This PR enables AVX2, SSE4.1 and x86 SHA-NI hardware-accelerated implementations of SHA256 to replace the "standard" default implementation when building on Windows.
Testing Note: At runtime, the SHA-NI implementation is dynamically selected and available only if the CPU has the sha_ni flag set.
Here are the benchmark results on my machine using "Release" binaries:
- the master branch @ 47da4f9b716d11294d4fb0f30b04a7bcf128cc14:
> build\bin\Release\bench_bitcoin.exe -filter="SHA256.*_SHANI"
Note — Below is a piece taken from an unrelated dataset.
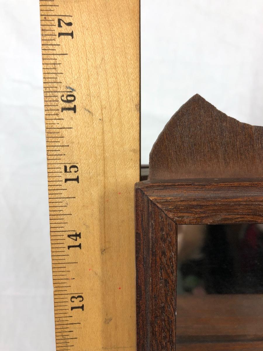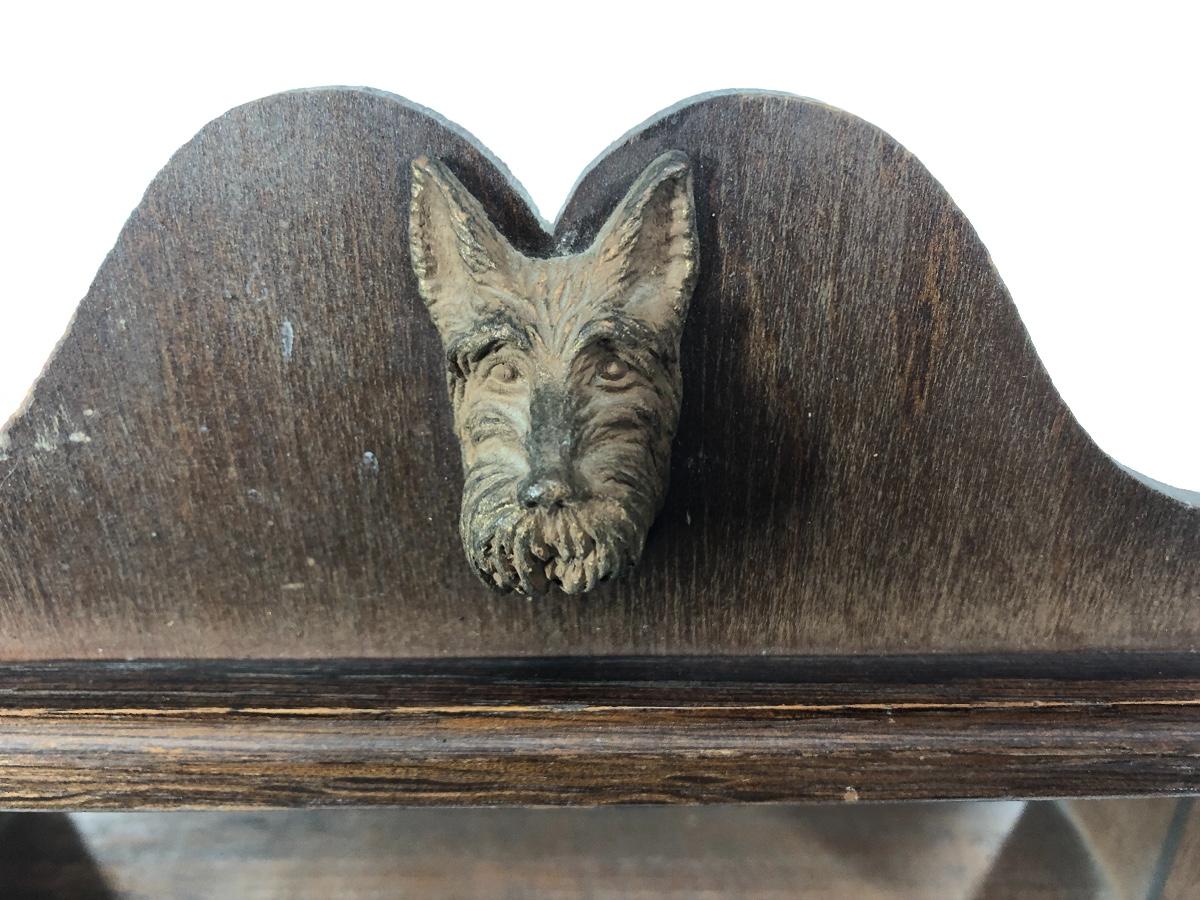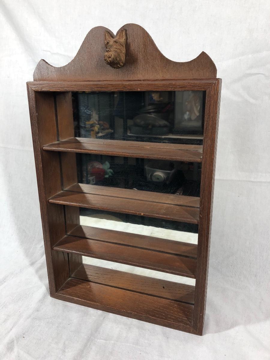 Vintage wood display shelf. Mirrored back. Has a terrier dog head at the top. About 18" tall and 11" wide. Has 4 shelves.

| ns/byte | byte/s | err% | total | benchmark
|--------------------:|--------------------:|--------:|----------:|:----------
| 11.35 | 88,074,183.58 | 0.3% | 0.01 | `SHA256D64_1024_SHANI using the 'standard' SHA256 implementation`
| 13.07 | 76,522,397.95 | 0.4% | 0.01 | `SHA256_32b_SHANI using the 'standard' SHA256 implementation`
| 4.26 | 234,554,580.85 | 0.9% | 0.05 | `SHA256_SHANI using the 'standard' SHA256 implementation`
> build\bin\Release\bench_bitcoin.exe -filter="SHA256D64_1024.*"
| ns/byte | byte/s | err% | total | benchmark
|--------------------:|--------------------:|--------:|----------:|:----------
| 11.29 | 88,586,104.35 | 0.3% | 0.01 | `SHA256D64_1024_AVX2 using the 'standard' SHA256 implementation`
| 11.36 | 88,062,348.83 | 0.9% | 0.01 | `SHA256D64_1024_SHANI using the 'standard' SHA256 implementation`
| 11.33 | 88,275,862.07 | 0.9% | 0.01 | `SHA256D64_1024_SSE4 using the 'standard' SHA256 implementation`
| 11.33 | 88,263,973.06 | 0.8% | 0.01 | `SHA256D64_1024_STANDARD using the 'standard' SHA256 implementation`
- this PR:
> build\bin\Release\bench_bitcoin.exe -filter="SHA256.*_SHANI"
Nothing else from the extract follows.